Bakan Özer, ilkokul ve ortaokul yöneticilerinin katılımıyla Pendik'teki bir otelde düzenlenen 5. Tarih, Kültür ve Medeniyet Bilinci Semineri'nde yaptığı konuşmada, bir ülkenin en kalıcı sermayesi olan beşeri sermayenin niteliğini artırmanın tek enstrümanının eğitim olduğunu, bu nedenle tüm ülkelerin rekabet güçlerini artırmak için eğitimin tüm kademelerinde gençlerin, çocukların eğitimle buluşması için devasa bütçeler ayırdıklarını söyledi.
Özer, özellikle OECD ülkelerinin okul öncesinden ortaöğretime kadar, eğitimin tüm kademelerinde okullaşma oranlarını yüzde 100'e eriştirmekle ilgili çok önemli mesafeler aldığını ancak kendilerinin bu süreçlerde uzun süreli bir gecikmeye tanıklık ettiklerini kaydetti.
2000'li yılların başındaki okullaşma oranlarıyla bugünkü okullaşma oranlarında son 20 yılda büyük bir mesafe alındığının rahat şekilde görüldüğünü belirten Özer, "Okul öncesi 5 yaştaki okullaşma oranları, 2000'li yıllarda yüzde 11'di. Şu anda bu oran yüzde 94'e çıktı. Ortaöğretimdeki okullaşma oranı yüzde 44'lerdeydi, yüzde 90'ları geçti. Yükseköğretimdeki net okullaşma oranları yüzde 14'lerden yüzde 44'lere ulaştı. Son 20 yıldaki okullaşma oranlarının OECD ülkelerinin 50 yıl önce ulaştıkları rakamlara ulaştığını görüyoruz." diye konuştu.

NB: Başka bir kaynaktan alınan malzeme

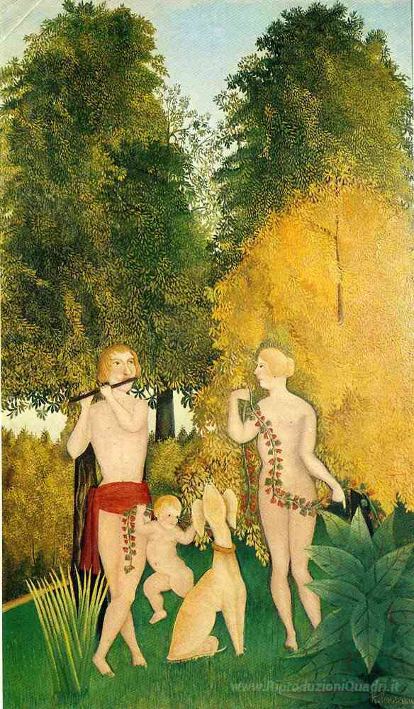 Ti offriamo una riproduzione artigianale su tela dell'opera famosa 'Il Quartetto Felice' di Henri Rousseau, dal Museo delle Riproduzioni.
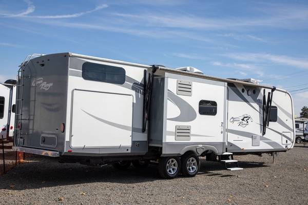The Open Range fifth wheels and travel trailers are designed with the seasoned traveler in mind. You'll find floorplans designed for extended use that maximize space while keeping weight to a minimum. Wide body construction and 42" deep slides lend a sense of space that's just not achievable with lesser products. From brand name appliances to Corian® counter-tops, you'll find feature content that the accomplished RV owner will appreciate. Rugged construction, top quality materials and leading edge innovation. If you're serious about the RV lifestyle, these products are a perfect fit.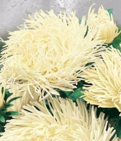 Сортотип – коготковая, среднего срока цветения. Куст колонновидный, высотой 65-75см, формирует несколько упругих прочных цветоносов. Соцветия плотные, махровые, чистой белой окраски, диаметром 10-12 см, состоят из длинных, немного закрученных по длине в тонкие трубки и красиво завитых по спирали язычковых цветков, закрывающих небольшой диск из мелких желтых трубчатых цветков. Астры этой серии великолепны для групповых посадок и срезки.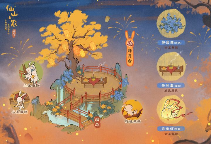 【建筑描述】拜月台:月华圆满正秋中,天上人间此夕同。星级解锁功能:1星动画:白兔夜观月2星动画:白兔对吹笙3星动画:白兔舞琵琶4星解锁:「静蓝茵」图纸5星解锁:「祭月桌」图纸6星解锁:「月兔灯」坐骑【建筑满星属性预览】1、增加15%强化北冥池时获得的强化经验。2、增加120主角的攻击力。【建筑故事】在桂花飘香的山谷里,住着一群耳朵竖得老高、鼻子总是一耸一耸的小兔子。它们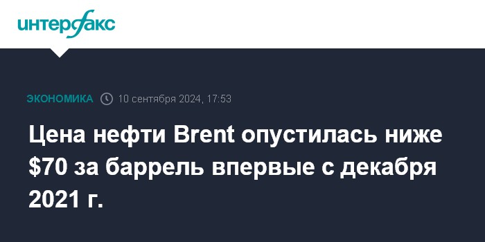 Цена нефти Brent опустилась ниже $70 за баррель впервые с декабря 2021 г.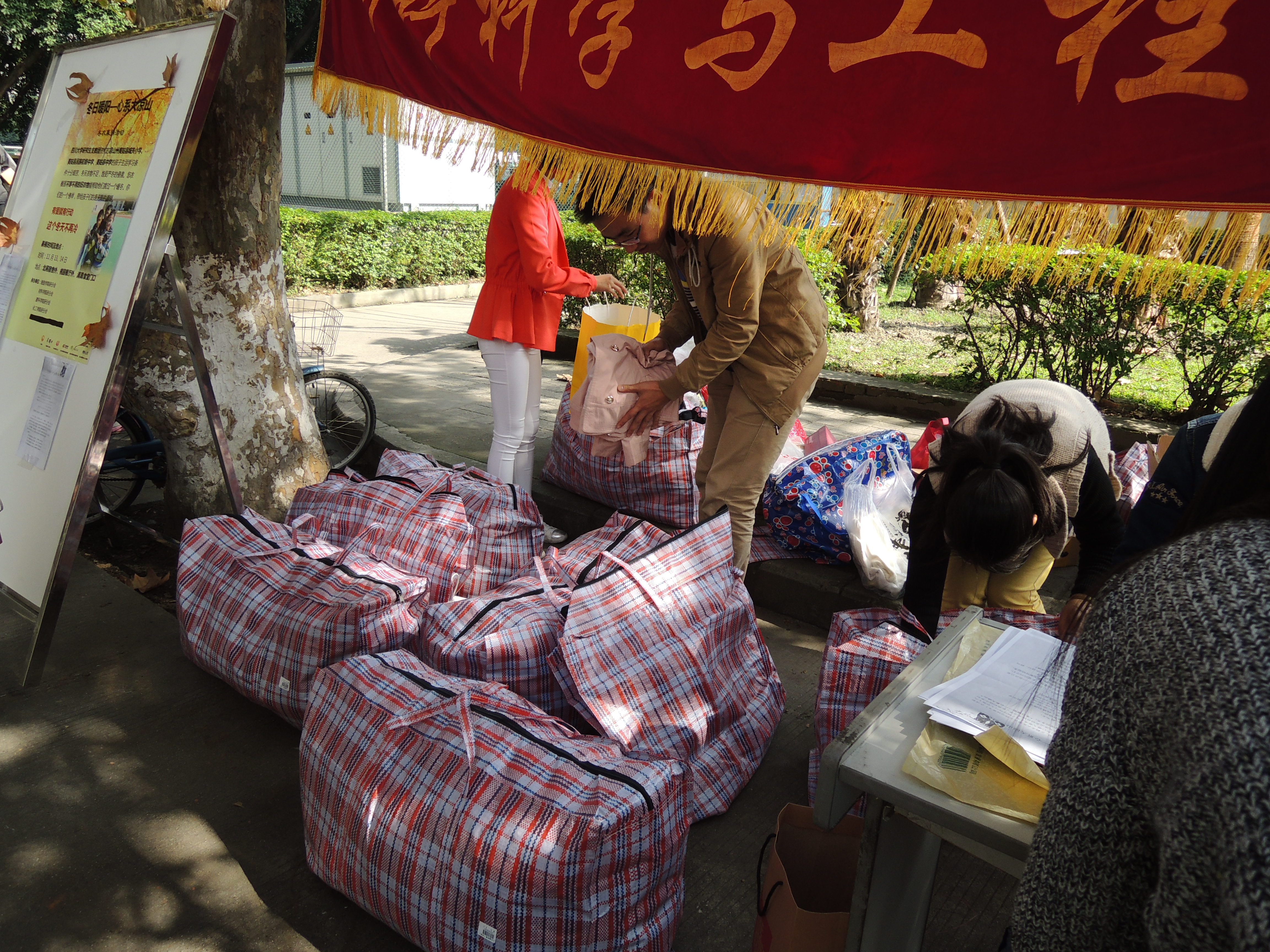 13日下午17:00,随着募捐活动的再次开始,有更多的同学提着衣服到募捐点拿给工作人员,很多同学还是在捐了衣服后不愿登记自己的姓名,这种做好事不留名的举动让现场的志愿者十分感动,作为志愿者的我们,只能替美姑县的那些孩子们不断地说着谢谢。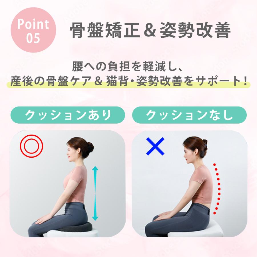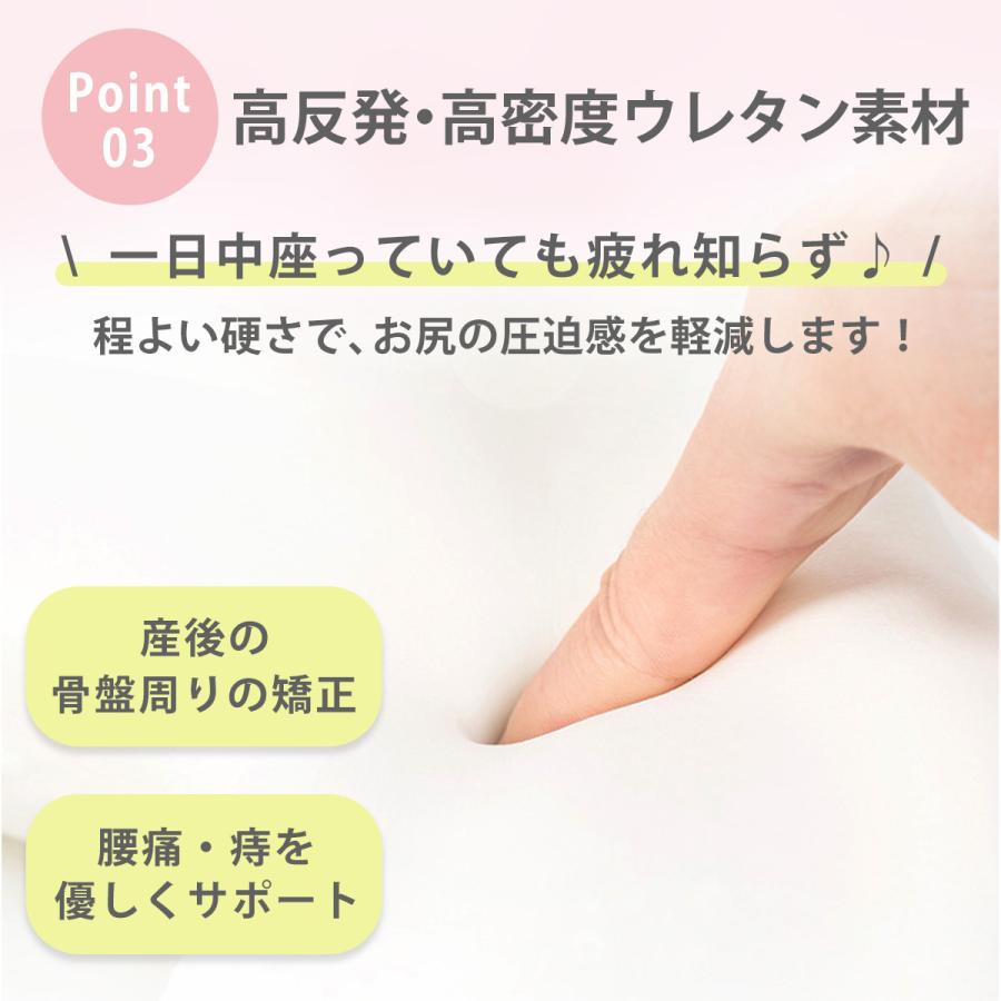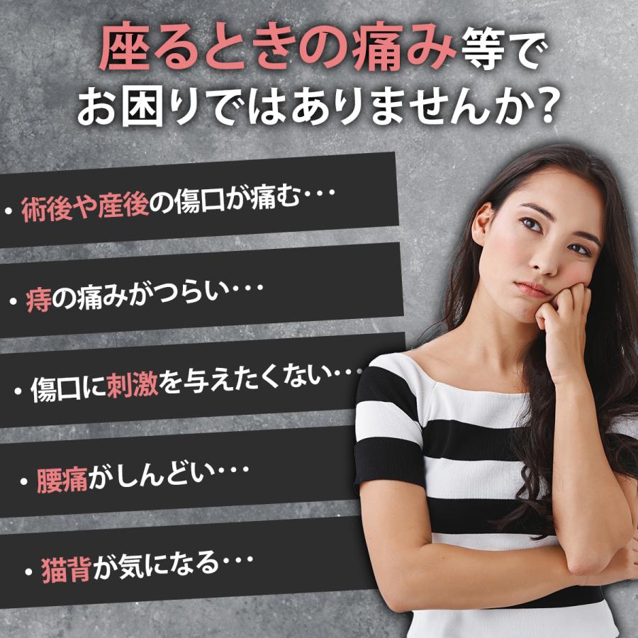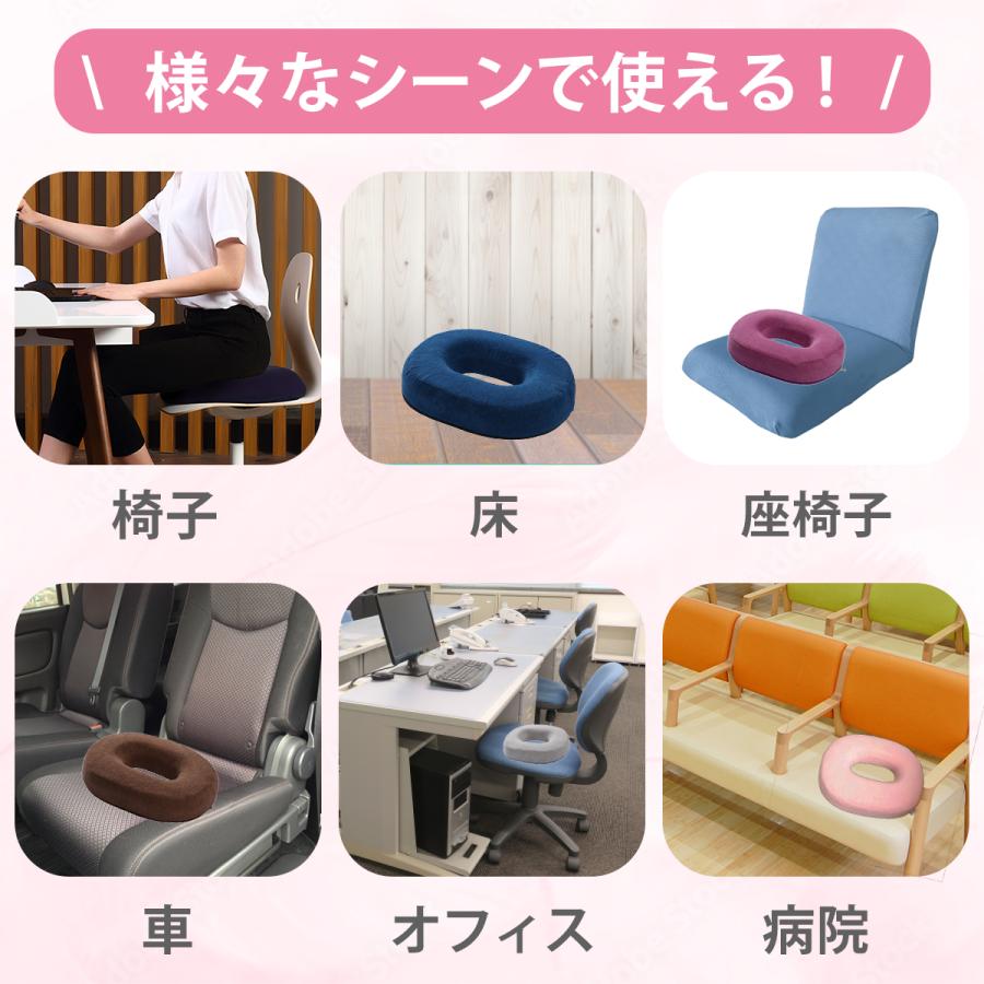 ドーナツ型のデザインが中心部分への圧力を防ぎ、産後や痔などデリケートな状態でも安心して使用可能です。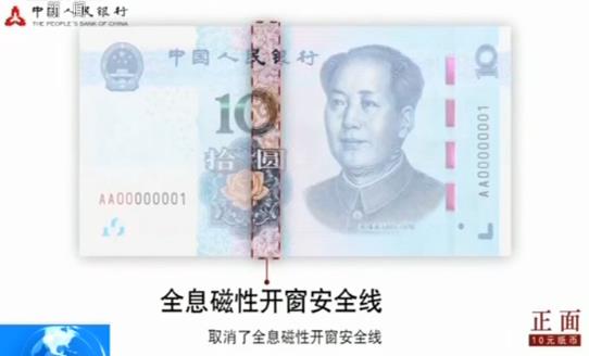 新版10元纸币正面中部面额数字,调整为光彩光变面额数字“10”,取消了全息磁性开窗安全线。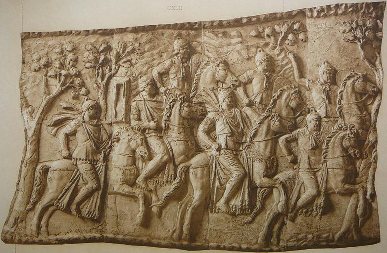 Keywords: 104 Conrad Cichorius, Die Reliefs der Traianssäule, Tafel CIV.jpg attributed to Graphics Die Reliefs der Traianssäule nach Conrad Cichorius Tafel CIV Römische Kavallerie im Gebirge Szene CXLII ; Verfolgungsgefecht Szene CXLIII The Reliefs of Trajan's Column by Conrad Cichorius Plate number CIV Roman cavalry in the mountains Scene CXLII ; Fight between pursuers and pursued Scene CXLIII Sculpture AD 113 ; Graphics 1900 Sculpture bas-relief; Graphics monochrome graphics based on photographs Sculpture Institution Trajan's Column object history credit line accession number Conrad Cichorius Die Reliefs der Traianssäule Zweiter Tafelband Die Reliefs des Zweiten Dakischen Krieges Tafeln 58-113 Verlag von Georg Reimer Berlin 1900 other versions 1932 Trajan's Column - Cichorius Plates Roman cavalry |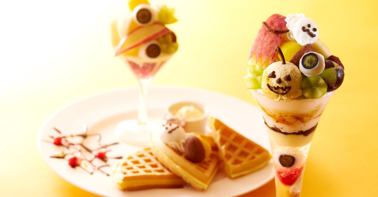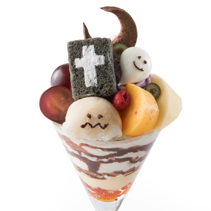 8店舗にて展開するハロウィンメニューは、全店違う仕立てにて提供する。それぞれの店舗ごとにいろいろなおばけが集まり、ハロウィン気分を盛り上げる。秋のフルーツを中心に、1つのデザートで色々なフルーツが楽しめるのも魅力の一つだ。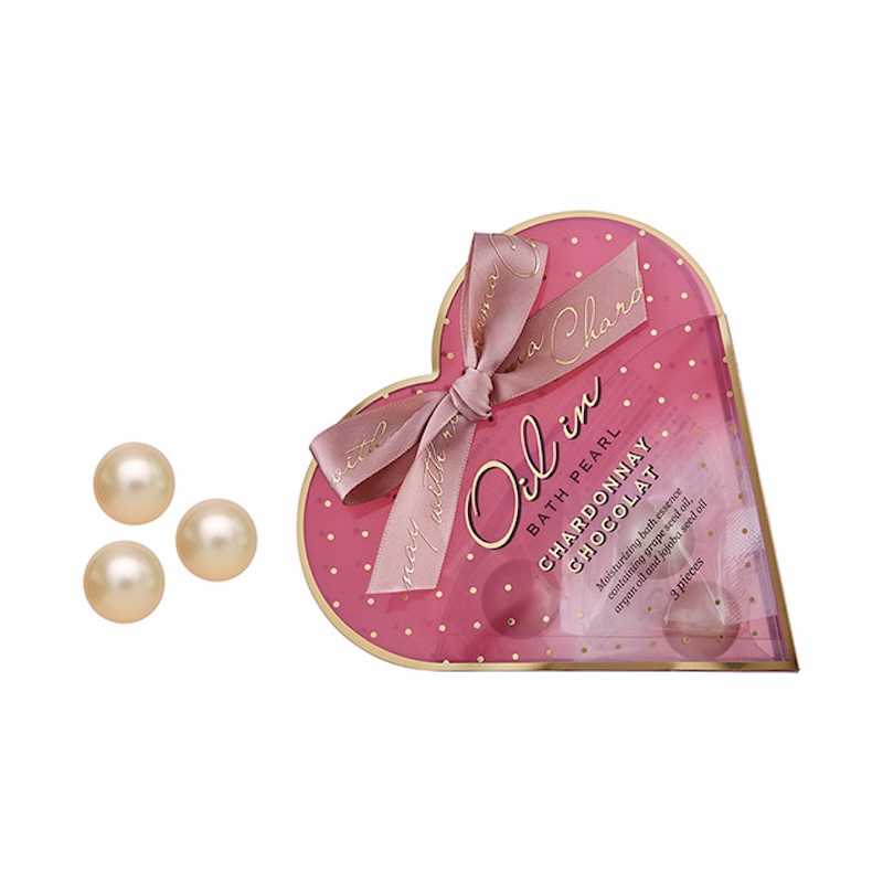 ハート型のパッケージが目を引く、まるでパールのような保湿オイル入り入浴料が3粒入ったギフトセット。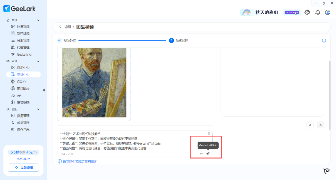 并且,在使用图生视频功能时,你可以借助 GeeLark AI 一键优化你的文案描述,协助你优化图生视频的提示词,使其能更精准地传达创作需求,从而生成更符合预期的视频内容。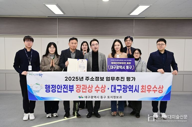 한국현대미술신문 정소영 기자 | 대구 동구청은 행정안전부가 주관하는 ‘2025년 주소정책 업무추진 평가’에서 행정안전부 장관 표창을 수상했다.

Bakan Özer, baş örtüsü yasaklarından katsayı uygulamasına kadar, eğitimin önündeki tüm antidemokratik uygulamaların kaldırıldığına işaret ederek, eğitim sisteminin çok daha demokratik bir hale getirildiğini aktardı.
Ortaöğretimde 2,3 milyon öğrenciden 6,5 milyonluk rakamlara ulaşılırken, okul öncesinde 200-250 bin bandındaki öğrenci sayısı 2 milyonlara yaklaşırken, uluslararası öğrenci başarı araştırmalarında, Türkiye'nin her girdiği araştırma döngüsünde, puanını ve sıralamasını bir önceki döngüye göre artırıp iyileştirdiğini gördüklerini bildiren Özer, şöyle devam etti:
"Bu neyi gösteriyor? Bu dönemde sadece eğitim sistemi evrenselleşmedi, kitleselleşmedi. Aynı zamanda kalite odaklı bir şekilde büyüme gerçekleşti. Derslik başına düşen öğrenci sayısı 2000'li yılların öncesinden çok daha iyi noktaya getirildi. Öğretmen başına düşen öğrenci sayısı 2000'li yıllardan çok daha iyi noktaya getirildi. 500 bin civarında öğretmen varken, şu anda 1,2 milyon öğretmenin olduğu bir eğitim sistemimiz var. Eğitimin tüm kademelerinde öğretmen başına düşen öğrenci sayıları 20'lerin altına düşmeye başladı. İşte bu son 20 yıl, beşeri sermayenin niteliğinin artırılmasındaki devasa yatırımın yapıldığı bir döneme tekabül ediyor."
- Öğretmenlerin mesleki ve kişisel gelişimlerinin desteklenmesi
Bakanlık olarak 3 alana odaklandıklarını anlatan Özer, bunları "okul öncesi eğitim, mesleki eğitimin güçlendirilmesi ve öğretmenlerin mesleki ve kişisel gelişimlerinin desteklenmesi" şeklinde sıraladı.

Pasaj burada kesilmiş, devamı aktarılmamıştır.